# Folders



## amyberta (Dec 14, 2009)

I have games on different screens and I was wondering if I could put them
all together in a folder? How would I move the app if the screen is full?

Thanks


----------



## Betsy the Quilter (Oct 27, 2008)

Amyberta--

If you press and hold on any app, the apps will start wiggling and all will have a little red x in the corner.

If you then press and drag the app, you can move the app from one screen to another; just press and drag the screen to the right or left edge of the screen until the next screen appears.  

Once you are on the screen you want, drag the app on top of the other game.  A folder will be created.  You will have the opportunity to edit the name of the folder, but if they are similar apps, a name wil be suggested. 

The number of apps in any one folder is limited, I'll have to check--maybe 12?  16?  But you can have multiple games folders.  You can also, once you have the squiggly screen, delete apps or open up folders and move apps out of the folders.

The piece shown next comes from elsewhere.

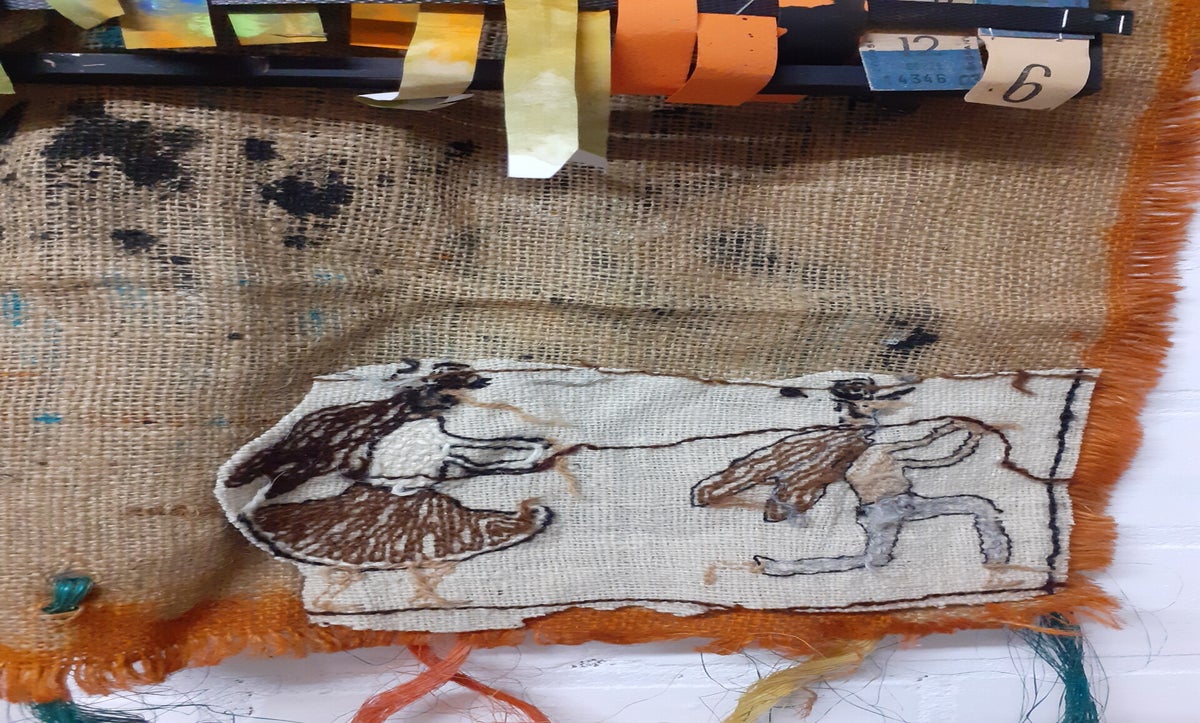 ''Karton, stukjes krant, wol, touw, olieverf, foto's, tekeningen,

Tap on the red x to delete the app.

Press the home button (the one button on the face of the iPad with the square on it) to get out of squiggly mode.

Hope this helps!

Betsy


----------



## amyberta (Dec 14, 2009)

Thanks Betsy,  I wasn't  sure if I. Could do that when the screen was full of aps. I'll give it
A try.


----------



## amyberta (Dec 14, 2009)

Betsy, I got the games into one folder, but I didn't change the name when I put them in, is there
a way to change it now?


----------



## Greg Banks (May 2, 2009)

I think if you go into the new folder, hold your finger on one of the icons until they start wiggling, the folder name will then be editable again.


----------



## amyberta (Dec 14, 2009)

Thanks, I'llgive it a try


----------